GameStop pointed to strong sales of new games the successful launch of Nintendo's new DSi portable game player.

In a client note, Lazard Capital Markets analyst Colin Sebastian raised his first-quarter estimates for GameStop, citing the company's outlook, his belief that the company's business is "steady despite negative headlines" and a "healthy" used video game market.

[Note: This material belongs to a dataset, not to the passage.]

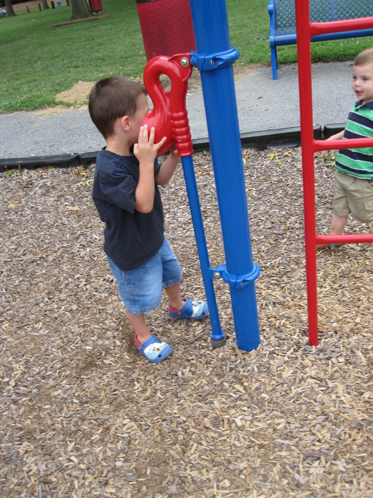 In the meantime, Joshua headed to the playground which was right next to the pavilion so we could see him as we were working. He LOVED the seesaw. His only problem was that he weighs so much less than all his cousins, so they didn't have much fun playing when it was his turn. He loves Emma, who's on the other side.

He also kept his buy rating and raised price target for the stock by $3 to $34, citing ongoing healthy profit growth and GameStop's relative stability in sales despite a difficult consumer environment.

Tyco Electronics (TEL)

RBC Capital keeps outperform opinion

RBC Capital Analyst Amit Daryanani says Tyco Electronics' second quarter sales are anticipated to be $2.5 billion, above the Street's $2.4 billion forecast.

Daryanani notes TEL also said it plans to divest Wireless Systems business, whereby it will receive $675 million in cash. The analyst thinks the divestiture adds a datapoint to allay investor concerns regarding leverage.

He is leaving $0.38 fiscal year 2009 (September) and $0.77 fiscal year 2010 EPS estimates unchanged until TEL's EPS call Apr. 29 until there further clarity on guidance and EPS impact of the deal. He expects EPS impact from deal will be minimal, especially if TEL decides to use cash proceeds to lower debt levels.